**Work instructions**. The following data is to be repeated exactly, its pictures excluded.

**Given material**.
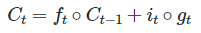 입력 게이트에서 구한 $i_t$, $g_t$의 두 개의 값에 대하여 원소별 곱(Entrywise Product)를 구합니다.
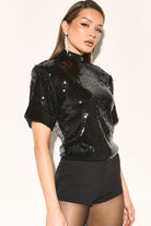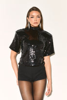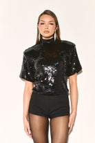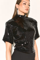 Introducing our ADA Black Sequin Shoulder Pad T-Shirt, the perfect statement piece for your next party season look! With its eye-catching sequin design and elevated shoulder pads, this t-shirt will dress up any outfit.
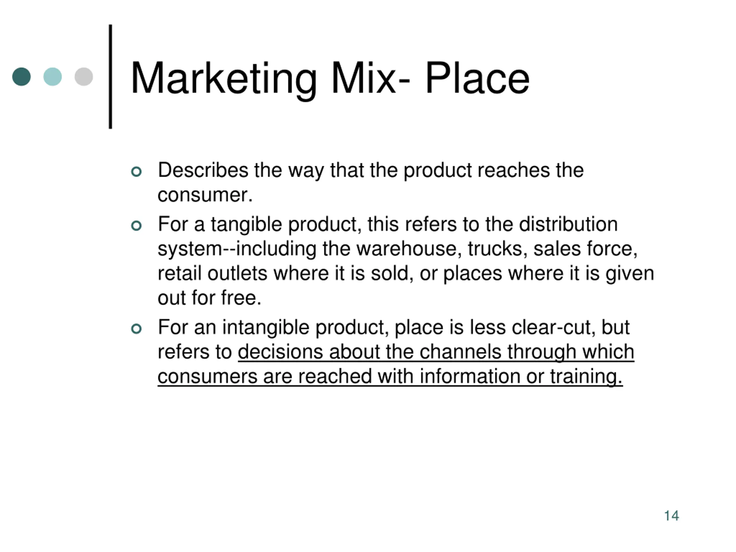 Marketing Mix- Place Describes the way that the product reaches the consumer. For a tangible product, this refers to the distribution system--including the warehouse, trucks, sales force, retail outlets where it is sold, or places where it is given out for free. For an intangible product, place is less clear-cut, but refers to decisions about the channels through which consumers are reached with information or training. 14
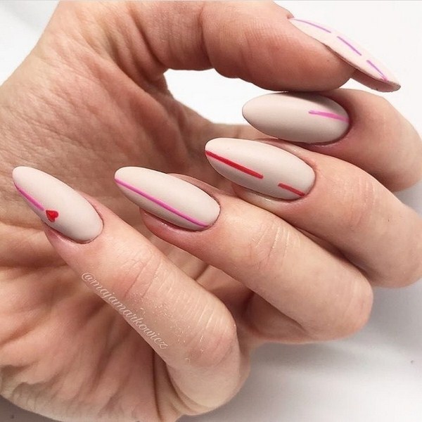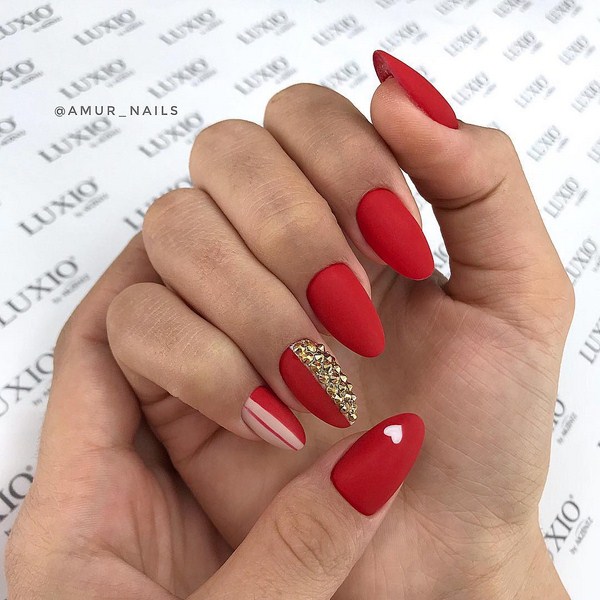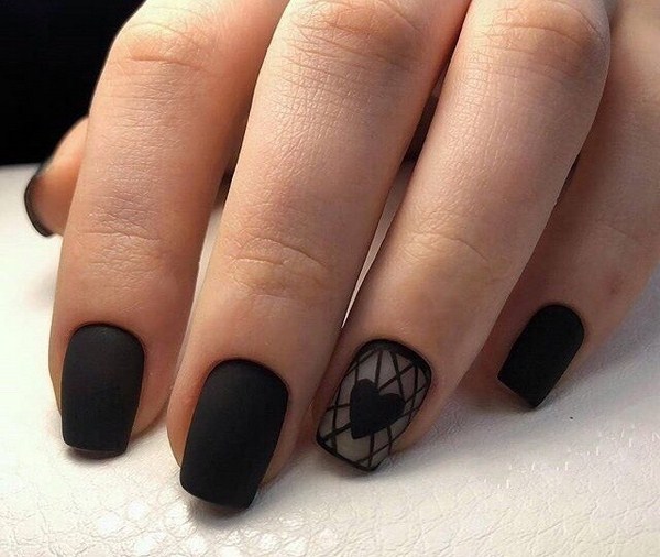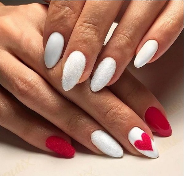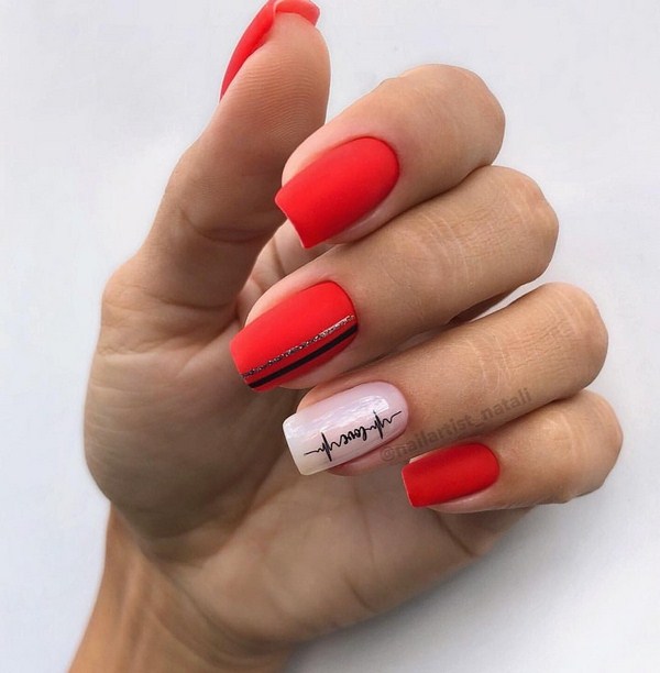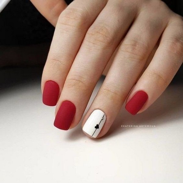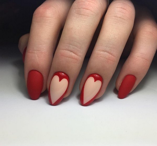 Effet délicat et profond sur les ongles dans votre couleur préférée que vous obtenez avec une finition mate sur les ongles. La matte à la mode est admirable et vous fait certainement prêter attention aux ongles en velours à la mode. Et si vous choisissez le rouge vif, les dessins de cœur, l’inscription «Amour» et un autre décor, vous recevrez alors une délicieuse manucure avec cœur dans une solution mate pour les vacances de tous les amoureux.

**Answer to this problem**.
 입력 게이트에서 구한 $i_t$, $g_t$의 두 개의 값에 대하여 원소별 곱(Entrywise Product)를 구합니다.
 Introducing our ADA Black Sequin Shoulder Pad T-Shirt, the perfect statement piece for your next party season look! With its eye-catching sequin design and elevated shoulder pads, this t-shirt will dress up any outfit.
 Marketing Mix- Place Describes the way that the product reaches the consumer. For a tangible product, this refers to the distribution system--including the warehouse, trucks, sales force, retail outlets where it is sold, or places where it is given out for free. For an intangible product, place is less clear-cut, but refers to decisions about the channels through which consumers are reached with information or training. 14
 Effet délicat et profond sur les ongles dans votre couleur préférée que vous obtenez avec une finition mate sur les ongles. La matte à la mode est admirable et vous fait certainement prêter attention aux ongles en velours à la mode. Et si vous choisissez le rouge vif, les dessins de cœur, l’inscription «Amour» et un autre décor, vous recevrez alors une délicieuse manucure avec cœur dans une solution mate pour les vacances de tous les amoureux.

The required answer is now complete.